Le Martinet noir ressemble quelque peu aux hirondelles, qui ont cependant les ailes plus courtes et la face inférieure plus claire. Ancien habitant des falaises et des grottes, il s’accommode maintenant des cavités de nos bâtiments (5 m et plus). Il niche dans des cavités étroites situées sous les toitures ou dans les bâtiments, où les deux partenaires construisent un nid, sur une surface plate, en forme de coupelle plate de 10 cm de diamètre, composé de divers matériaux happés au vol (végétaux, papiers, plumes…) et agglutinés par la salive. Le nid de l’année précédente est réutilisé et consolidé si nécessaire par les deux membres du couple qui sont généralement fidèles. En général il n’y a qu’une seule ponte annuelle de un à trois œufs. Les poussins naissent généralement en juin. Ils sont nourris de proies transportées dans la cavité buccale sous la forme d’une balle d’insectes vivants collés par la salive gluante. L’élevage se prolonge de 39 à 45 jours. Les premiers envols sont observés début juillet et jusqu’à la mi-août. Son alimentation se compose exclusivement d’arthropodes : insectes hémiptères, coléoptères, diptères, lépidoptères et arachnides. L’abondance des captures est étroitement liée aux conditions météorologiques. Il chasse plus au-dessus de l’eau par temps médiocre, l’émergence d’insectes aquatiques étant alors plus importante que celle des insectes terrestres. Le Martinet noir peut aussi chasser des insectes loin de son site de reproduction, en tirant profit de situations climatiques particulières pour exploiter les insectes prisonniers des courants d’air chaud ascendants. le Martinet noir peut bénéficier indirectement de la protection au titre de patrimoine historique, de certains monuments dont l’architecture, est plus riche en anfractuosités.

AIDEZ-NOUS À LES PROTÉGER

La protection des martinets et hirondelles repose essentiellement sur les actions suivantes :

• Protéger les nids existants (ils sont réutilisés chaque année)

• Éviter les dérangements autour des nids pendant la période de nidification

• Poser des planchettes anti-salissure en cas de gêne concernant les fientes

• Placer des bacs à boue à proximité des zones de nidification

Pour les hirondelles de fenêtre ou rustiques, il est possible d’installer des nichoirs artificiels. Les nids des hirondelles de fenêtre doivent être protégés du soleil. Il est important que l’espace face au nid soit dégagé de tout arbre. Les nids doivent être placés à minimum 4 mètres de hauteur et il est nécessaire d’en installer plusieurs pour l’hirondelle des fenêtres. Pour les hirondelles rustiques, les nids artificiels prennent des formes de coupelle. Ils sont à installer sur des solives dans les bâtiments tels que granges… Pour les hirondelles rustiques, il est nécessaire de les éloigner les uns des autres.

Contrairement à ceux des hirondelles, les nids des martinets ne sont pas visibles. L’idéal est de conserver les anfractuosités du bâti telles les trous de boulins, les fissures ou les dessous des toits. Le trou d’envol du martinet noir doit faire 60 mm de large sur 30 mm de haut. Il est également possible de rénover une façade en laissant en place les anfractuosités mais aussi de les intégrer à la conception de la structure.

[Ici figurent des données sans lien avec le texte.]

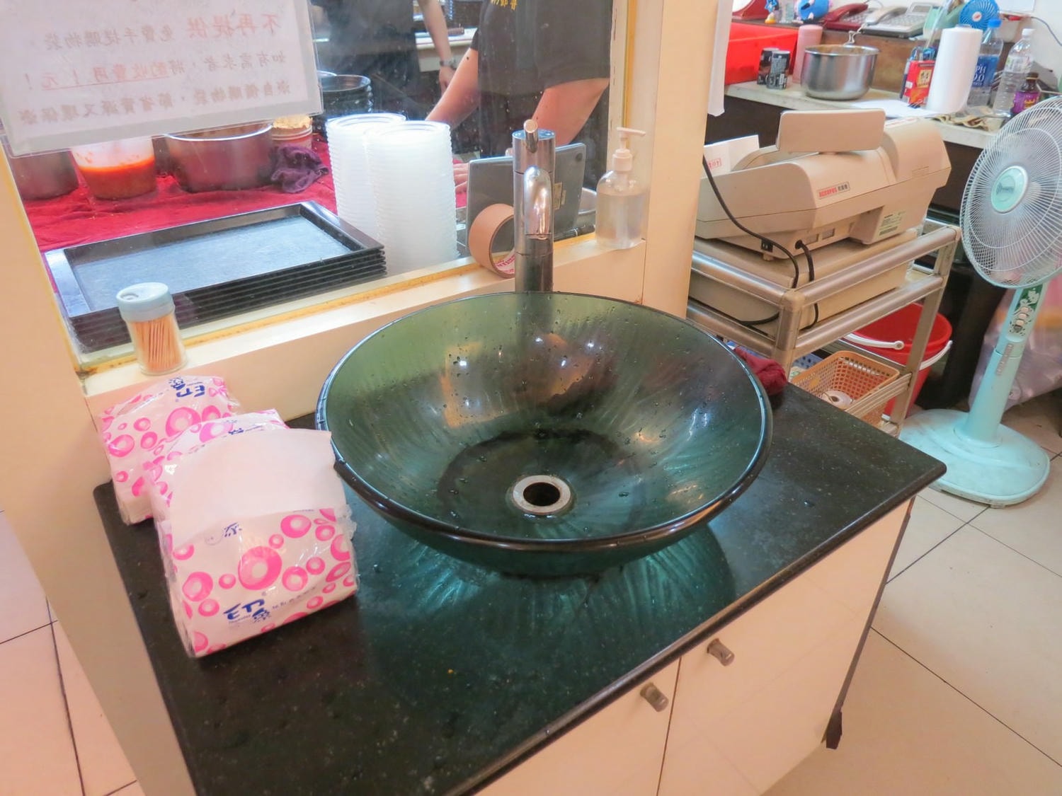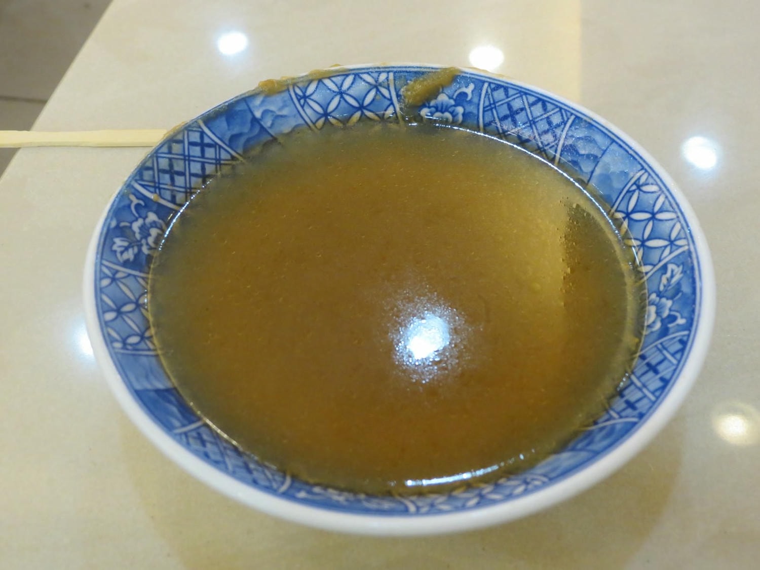 跟蠻多甜不辣店家是把甜不辣碗中盛滿湯頭,醬料另外用小碟子裝,這邊有點不同;店家從湯中撈出甜不辣後,會把湯濾掉,直接在碗內加醬料。

Pour les martinets, il existe des nichoirs à encastrer. Ils permettent de favoriser la nidification tout en assurant une grande discrétion visuelle. Ce type de nichoir se pose simplement à la place d’un parpaing ou d’une brique lors de la construction ou la restauration du bâtiment. Les nichoirs peuvent être aussi en béton de bois ou en bois et peuvent être simples ou doubles ou triples. Les colonies étant généralement importantes, il est nécessaire dans le cadre de mesure compensatoire d’installer plusieurs nichoirs. Il est également important que l’espace face au nichoir soit entièrement dégagé, car les martinets arrivent à vive allure près de leur nid.